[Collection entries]
══════════════════════════════

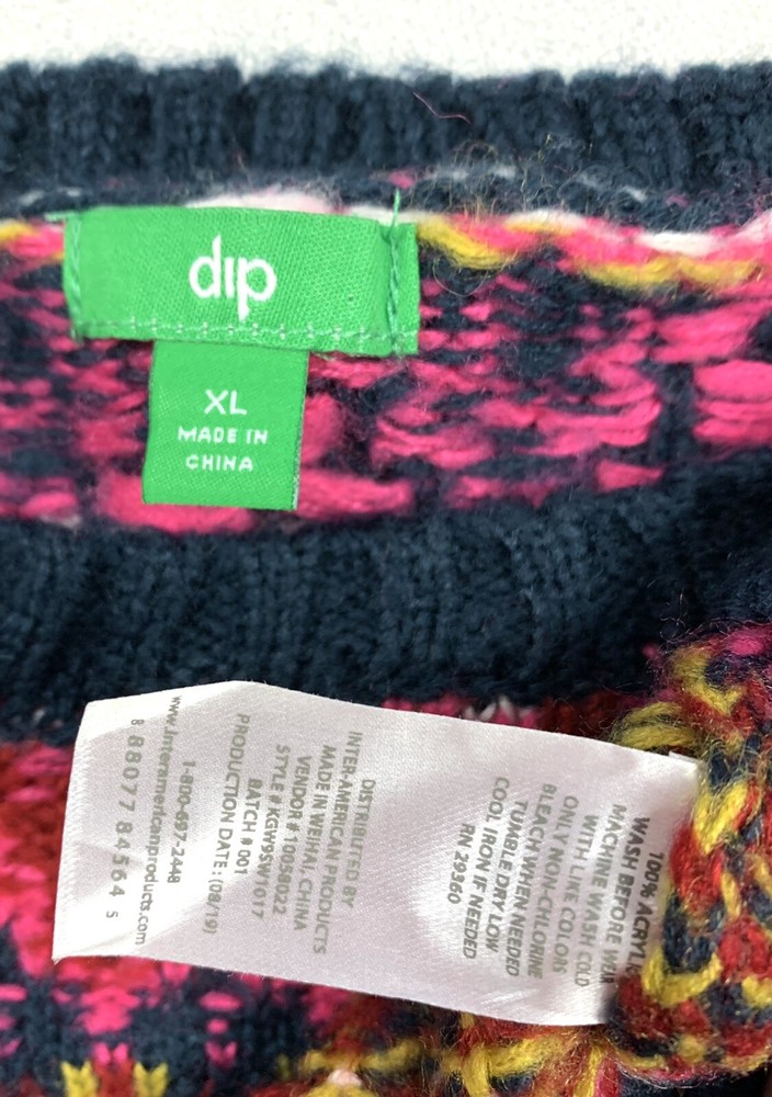 dip - Multi-Color Striped Acrylic SWEATER gently used size XL 3/4 balloon sleeves crew neck machine washable more info above... length= 23" sleeve length= 22" bust= 40" hem= 36" stretchy * S&H is $5.95, USPS 1st Class Mail *
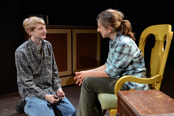 In my mind, the key to understanding the play is the eponymous Christmas Hymn (this play is set in February: nowhere near Christmas or even the Feast of the Epiphany) which Grace (Anne James) hums for comfort: “We Three Kings of Orient are, bearing gifts we traverse a far.” Gifts by each of the three main characters in this play are sought and denied, offered and rejected, given and inefficacious. They are things as tiny as a meal, biscuit, or even a piece of soap. As the play opens, Dustin (Adam Shalzi), a lonely and awkward young man, is making dinner for his only friend Daisy (Stevie Chaddock) whom he loves and on whom he has a slight crush. She complains that he keeps ruining her eggs, mocks his dirty nails (he has a green thumb and works as a gardener even in dead winter), and tells him that he will never find a girl.we three2
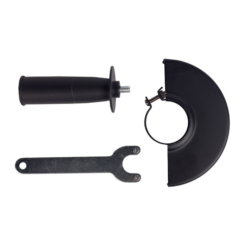 Комплектація:інструкція з експлуатації, Гарантійний талон, захисний кожух, передня рукоятка, пакувальна коробка, додаток, вилковий ключ, кутова шліфувальна машина, вугільна щітка
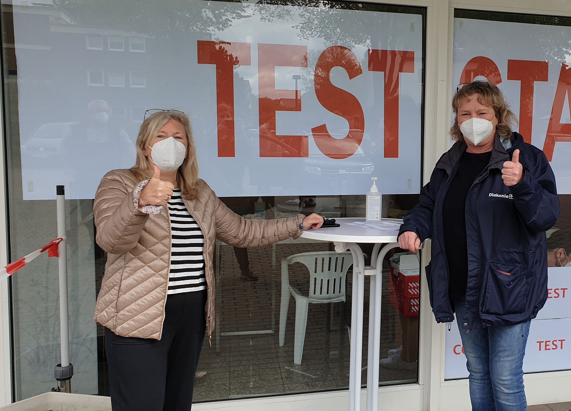 Christine Weyrowitz, Geschäftsführerin der Kaufnett gGmbH (links) und Martina Fuchs, Fachbereichsleiterin „Pflege und Gesundheit“, freuen sich über den Start der Teststation. Foto: drh
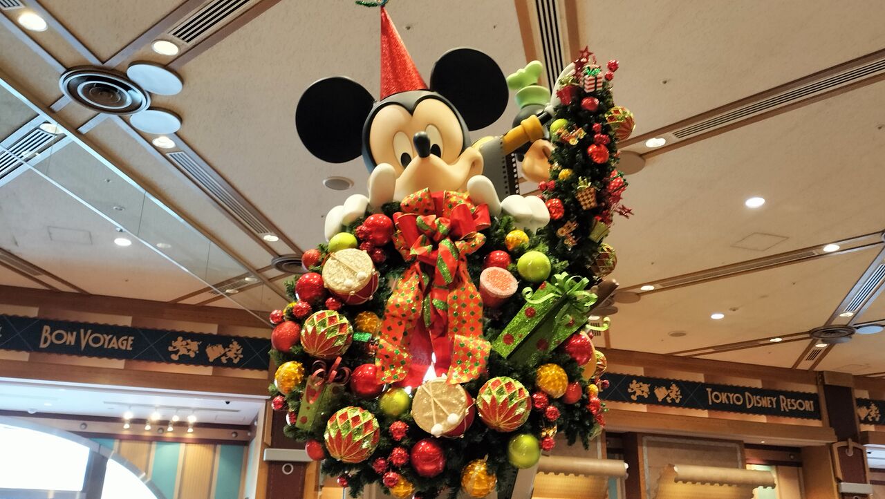 天井のアーチが素敵な回廊にクリスマスの装飾が素敵です。
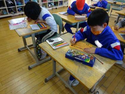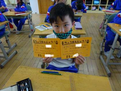2年生 卒業を祝う会に向けて 公開日 2021/03/01 更新日 2021/03/01 2年生 3日(水)の卒業を祝う会に向けて、6年生さんに挑戦状を書きました。にらめっこ・あっちむいてほい・フラフープから自分の得意なものを選んで対決します!対決が楽しみです!
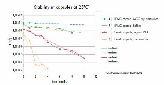 含水量低的特點(diǎn)使得HPMC空心膠囊適合于吸濕性或水分敏感性內(nèi)容物的填充,以延長(zhǎng)產(chǎn)品的保質(zhì)期。 DSM營(yíng)養(yǎng)品公司2005年的一項(xiàng)研究中,比較了HPMC空心膠囊(Vcaps®)和明膠空心膠囊對(duì)益生菌(Lafti® L-10嗜酸乳桿菌)穩(wěn)定性的影響。益生菌是一類活的微生物,口服足夠數(shù)量的益生菌能夠改善宿主腸道微生物的平衡,用于治療腸道疾病,通常認(rèn)為僅有活菌才能產(chǎn)生益生功能。然而,益生菌對(duì)水分非常敏感,過(guò)多的水分會(huì)導(dǎo)致活菌的死亡[12]。DSM在不同的濕度下將Lafti® L -10及輔料充填入HPMC膠囊和明膠空心膠囊,并考察其穩(wěn)定性。結(jié)果表明,與明膠空心膠囊相比,HPMC空心膠囊能夠較好地保持產(chǎn)品的活菌數(shù)量,并延長(zhǎng)益生菌產(chǎn)品的效期(Fig 2.) Fig2. Stability comparison of HPMC and gelatin shells in probiotic products
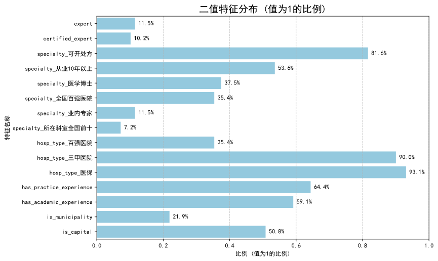 - 标签特征工程:对specialty_tags(专业标签)进行频率分析,提取高频标签作为独热编码特征;从hospital_info_tag中提取出hosp_type_百强医院、hosp_type_三甲医院等关键二值特征。
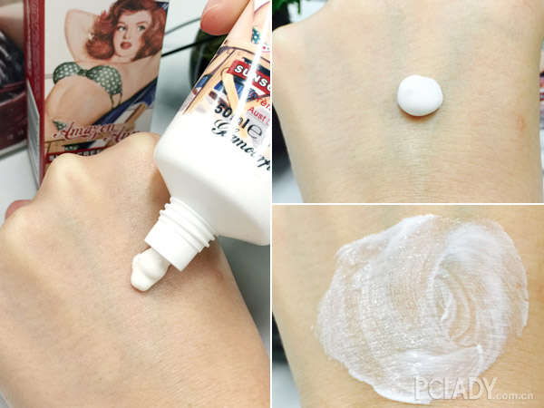 這款防曬霜的質(zhì)地并不會(huì)像普通防曬產(chǎn)品那樣厚重,輕透的乳霜知道,水潤(rùn)易涂抹且不黏膩,能夠迅速被肌膚吸收;涂在肌膚上后也不會(huì)泛白,害怕防曬產(chǎn)品質(zhì)地厚重而不敢也不想涂的妹子可以考慮入手哦。
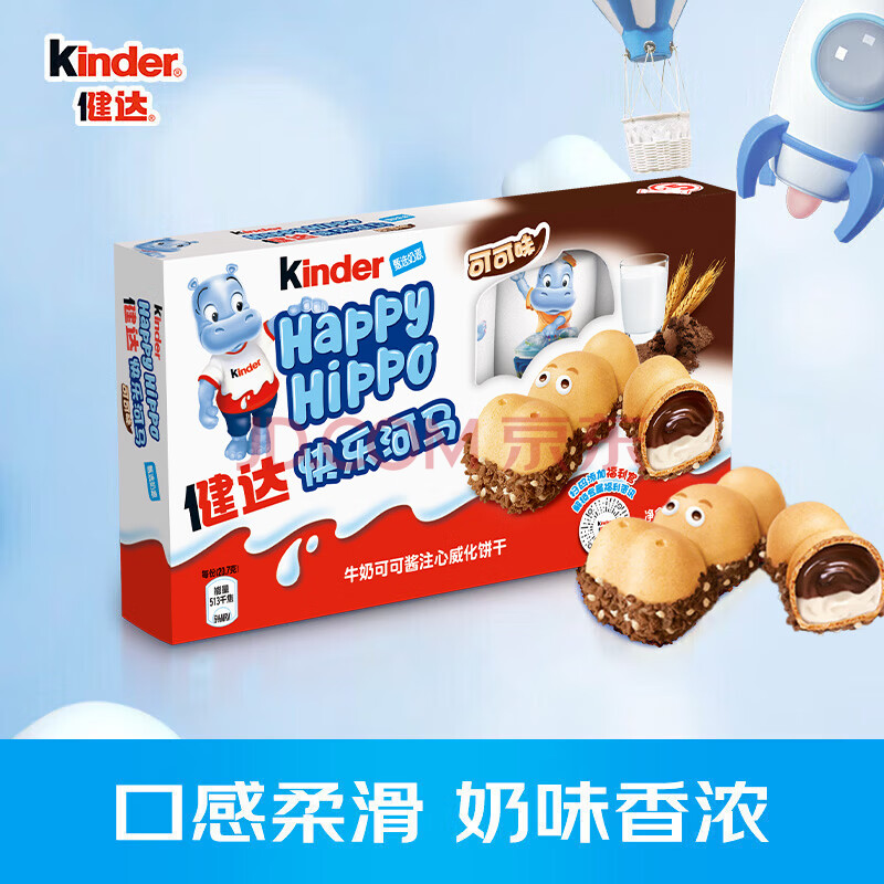 商品相册:健达 快乐河马巧克力饼干 5条103.5g 可可酱注心 糖果 生日礼物 零食第

══════════════════════════════

◆ What the exercise asks ◆
If a line falls between the first line of the records above and the line containing "2年生 卒業を祝う会に向けて 公開日", inclusive, retype it exactly; leave pictures out.

◆ Answer for the task ◆
 dip - Multi-Color Striped Acrylic SWEATER gently used size XL 3/4 balloon sleeves crew neck machine washable more info above... length= 23" sleeve length= 22" bust= 40" hem= 36" stretchy * S&H is $5.95, USPS 1st Class Mail *
 In my mind, the key to understanding the play is the eponymous Christmas Hymn (this play is set in February: nowhere near Christmas or even the Feast of the Epiphany) which Grace (Anne James) hums for comfort: “We Three Kings of Orient are, bearing gifts we traverse a far.” Gifts by each of the three main characters in this play are sought and denied, offered and rejected, given and inefficacious. They are things as tiny as a meal, biscuit, or even a piece of soap. As the play opens, Dustin (Adam Shalzi), a lonely and awkward young man, is making dinner for his only friend Daisy (Stevie Chaddock) whom he loves and on whom he has a slight crush. She complains that he keeps ruining her eggs, mocks his dirty nails (he has a green thumb and works as a gardener even in dead winter), and tells him that he will never find a girl.we three2
 Комплектація:інструкція з експлуатації, Гарантійний талон, захисний кожух, передня рукоятка, пакувальна коробка, додаток, вилковий ключ, кутова шліфувальна машина, вугільна щітка
 Christine Weyrowitz, Geschäftsführerin der Kaufnett gGmbH (links) und Martina Fuchs, Fachbereichsleiterin „Pflege und Gesundheit“, freuen sich über den Start der Teststation. Foto: drh
 天井のアーチが素敵な回廊にクリスマスの装飾が素敵です。
2年生 卒業を祝う会に向けて 公開日 2021/03/01 更新日 2021/03/01 2年生 3日(水)の卒業を祝う会に向けて、6年生さんに挑戦状を書きました。にらめっこ・あっちむいてほい・フラフープから自分の得意なものを選んで対決します!対決が楽しみです!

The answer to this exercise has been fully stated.